Tuesday, June 9, 2009

Of Mourning

I wrote this last week after going to the wake of someone who died too young.


The grief of a black woman in mourning is overwhelming. We’ve seen it, all too often unfortunately, on the evening news. I saw it tonight in person. It’s noisy and uncontrolled, yet somehow almost ritualistic, like when folks in the black church “get the spirit.” The pain it reveals is impressive, its source so deep and raw that it is impossible to be unaffected by it.

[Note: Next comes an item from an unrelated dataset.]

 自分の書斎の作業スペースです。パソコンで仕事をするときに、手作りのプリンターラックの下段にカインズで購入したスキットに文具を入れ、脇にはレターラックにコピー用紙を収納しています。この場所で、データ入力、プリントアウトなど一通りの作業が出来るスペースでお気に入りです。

Where does such an unreserved response spring from? Maybe from centuries of historical suffering. Perhaps its roots are in the exuberant kineticism that is so characteristic of black music, dance, and art. The creative impulse in black people, it has always seemed to me, is in some way an act of survival – a defiant display of self-expression that says to the forces of oppression (real or imagined, internal or external): “I am alive.” “I am not still, I am alive.” “I am still alive.”

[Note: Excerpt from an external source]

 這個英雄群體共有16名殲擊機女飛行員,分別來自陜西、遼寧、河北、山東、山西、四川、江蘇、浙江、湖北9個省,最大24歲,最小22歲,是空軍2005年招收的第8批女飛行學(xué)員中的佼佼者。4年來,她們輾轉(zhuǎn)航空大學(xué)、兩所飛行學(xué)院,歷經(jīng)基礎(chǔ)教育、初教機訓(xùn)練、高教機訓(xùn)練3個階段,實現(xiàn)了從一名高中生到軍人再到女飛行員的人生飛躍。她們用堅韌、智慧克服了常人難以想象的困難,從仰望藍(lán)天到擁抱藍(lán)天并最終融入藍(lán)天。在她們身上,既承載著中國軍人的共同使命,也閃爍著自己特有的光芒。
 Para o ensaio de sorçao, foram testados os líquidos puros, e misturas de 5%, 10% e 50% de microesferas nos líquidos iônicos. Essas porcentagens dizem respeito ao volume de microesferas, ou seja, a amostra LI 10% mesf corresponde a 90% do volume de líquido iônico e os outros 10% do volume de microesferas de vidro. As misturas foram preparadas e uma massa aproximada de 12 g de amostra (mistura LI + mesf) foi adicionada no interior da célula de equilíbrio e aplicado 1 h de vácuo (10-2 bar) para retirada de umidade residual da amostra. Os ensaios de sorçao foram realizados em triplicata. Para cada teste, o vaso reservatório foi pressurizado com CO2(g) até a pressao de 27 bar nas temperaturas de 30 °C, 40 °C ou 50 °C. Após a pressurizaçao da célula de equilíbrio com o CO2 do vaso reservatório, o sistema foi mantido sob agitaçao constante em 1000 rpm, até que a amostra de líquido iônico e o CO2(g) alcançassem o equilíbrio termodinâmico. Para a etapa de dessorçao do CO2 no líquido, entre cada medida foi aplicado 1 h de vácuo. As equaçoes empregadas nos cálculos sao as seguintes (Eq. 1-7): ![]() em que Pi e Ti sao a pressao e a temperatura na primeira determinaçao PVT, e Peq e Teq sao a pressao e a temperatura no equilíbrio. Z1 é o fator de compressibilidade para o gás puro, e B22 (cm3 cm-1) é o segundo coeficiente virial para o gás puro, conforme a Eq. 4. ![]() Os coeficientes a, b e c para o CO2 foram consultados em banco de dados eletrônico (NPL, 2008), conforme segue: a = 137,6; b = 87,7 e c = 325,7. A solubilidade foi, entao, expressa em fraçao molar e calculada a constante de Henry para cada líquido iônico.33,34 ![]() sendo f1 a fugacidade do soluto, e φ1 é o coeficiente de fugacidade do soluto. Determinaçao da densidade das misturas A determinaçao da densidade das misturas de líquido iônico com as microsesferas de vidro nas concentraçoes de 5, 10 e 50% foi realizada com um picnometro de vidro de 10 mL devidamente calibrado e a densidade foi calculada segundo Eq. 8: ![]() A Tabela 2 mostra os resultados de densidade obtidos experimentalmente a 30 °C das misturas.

As it is with creativity, perhaps so it is with the wrenching keening of a black mother approaching the open coffin that bears her prostrate son. She bore him nine months; this ornate wooden box will bear him forevermore. She thrusts her head and her arms upwards but she does not open her eyes, does not look heavenward. She does not cast blame, but cries for mercy. Her anguished wails, her swaying body, make it clear that she is not the one who is dead. The dead cry for no one, least of all for themselves. It is the living who must bear the unbearable pain, feel and endure the loss, ask the unanswerable “Why?”

The dead accept death as no living person can. Certainly no mother of any kind anywhere can accept the death of her child. But I, distant enough to feel regret but not to mourn, for I did not known him, try to find a blessing. This dead man, this young black dead man, knew love and did not die from violence. He died playing soccer, a sport he loved. But his heart took an unexpected time out and his last kick was his last kick. It could have been worse, thinks I.

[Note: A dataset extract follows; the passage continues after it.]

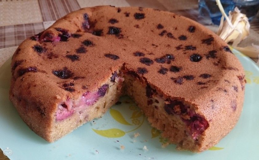 Чашу смазать маслом, вылить тесто, сверху присыпать тесто ягодами. Ягода любая подойдет: смородина, малина, клубника, вишня, жимолость и т. д.Выпекаем ягодный пирог в мультиварке, в режиме «выпечка» 60 минут. После сигнала пирог аккуратно вынуть при помощи корзинки — пароварки и переложить на блюдо. При желании можно присыпать пирог с ягодами — сахаром или сахарной пудрой.Приятного аппетита!!!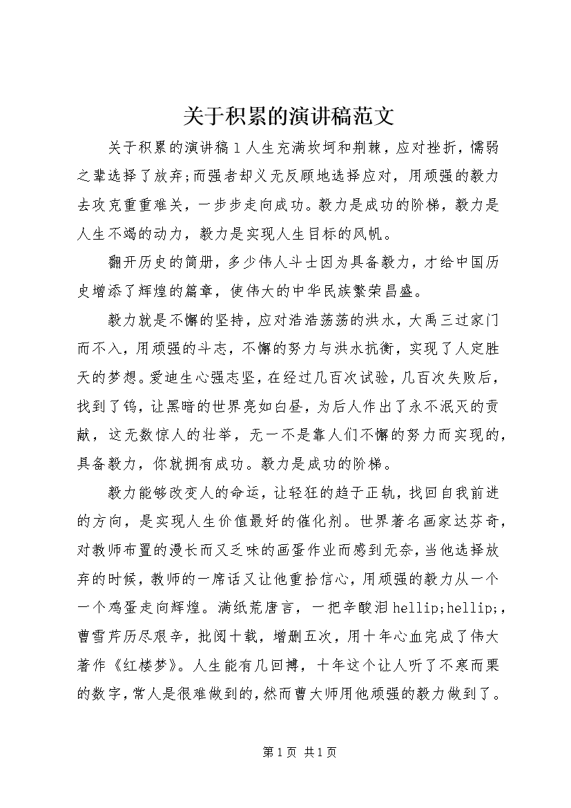 关于积累的演讲稿范文

White, paternalistic impression? Perhaps. To me, it all could have been much worse. Not so to his mother, who shouts his name over and over as she leans over his unresponsive body and strokes his face. (What will become of the tears she sheds onto him, I wonder, when this night is over and the coffin lid is closed? Some of her will be with him always, I presume, even under the surface of the earth.) Not so to his wife, who is white and young, and who will spend their second wedding anniversary quite unlike the first, which no doubt had been imbued with so much hope, so much promise, and the unspoken belief that they had so much time ahead of them in which to fulfill their expectations.

The black mother, the white wife, they will try to go to sleep tonight. They will be haunted by the shock, by the loss, that still seems unreal. Somehow, rest will claim them and they will arise tomorrow morning – at first with a millisecond of hope that it was all a dream and that today will be another day of assuming the world’s terrors are not their own. Then with the hard slap of memory, they will understand that it is true: he is gone. And the sadness will return. And the anger. And the disbelief. And the grief. The grief, the overwhelming grief of a world in mourning.